__Stored data entries__
※

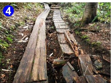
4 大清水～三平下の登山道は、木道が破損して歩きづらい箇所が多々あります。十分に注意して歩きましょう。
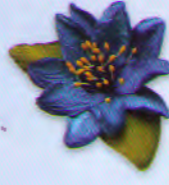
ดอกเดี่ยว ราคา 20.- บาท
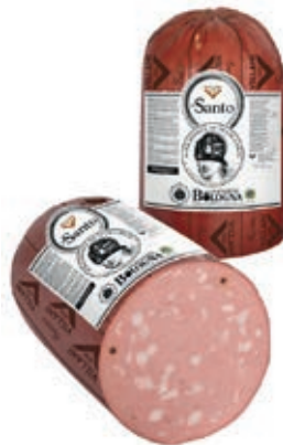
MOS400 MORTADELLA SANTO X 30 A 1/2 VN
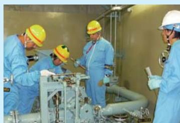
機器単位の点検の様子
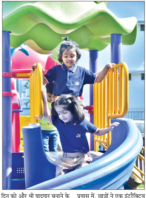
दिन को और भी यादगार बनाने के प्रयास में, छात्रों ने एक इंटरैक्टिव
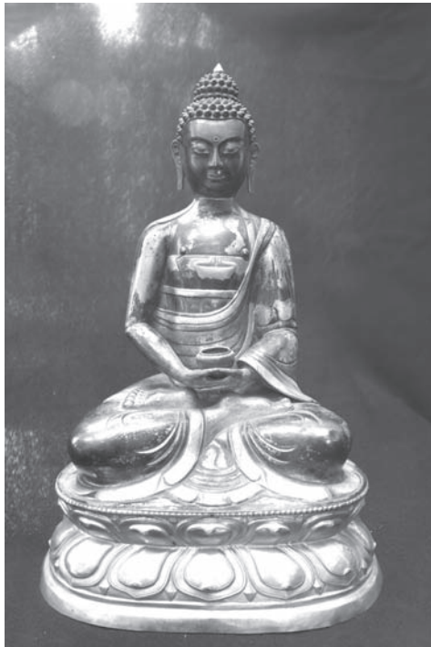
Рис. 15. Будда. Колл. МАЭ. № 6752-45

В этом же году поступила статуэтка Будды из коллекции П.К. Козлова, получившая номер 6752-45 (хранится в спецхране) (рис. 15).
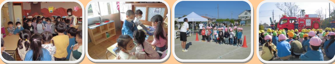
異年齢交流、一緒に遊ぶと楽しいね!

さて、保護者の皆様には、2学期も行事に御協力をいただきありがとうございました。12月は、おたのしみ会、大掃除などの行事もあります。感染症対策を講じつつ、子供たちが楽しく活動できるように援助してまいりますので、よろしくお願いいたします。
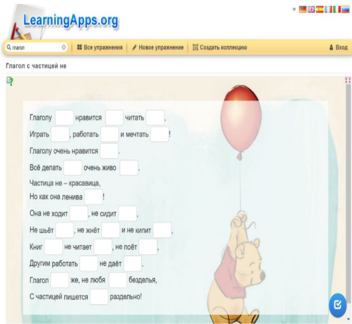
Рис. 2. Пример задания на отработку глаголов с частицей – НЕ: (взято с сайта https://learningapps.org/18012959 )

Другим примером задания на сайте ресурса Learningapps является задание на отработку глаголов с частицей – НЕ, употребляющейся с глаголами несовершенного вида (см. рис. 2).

※

Identify each line in the records above containing the word "отработку"; copy those lines.

Рис. 2. Пример задания на отработку глаголов с частицей – НЕ: (взято с сайта https://learningapps.org/18012959 )
Другим примером задания на сайте ресурса Learningapps является задание на отработку глаголов с частицей – НЕ, употребляющейся с глаголами несовершенного вида (см. рис. 2).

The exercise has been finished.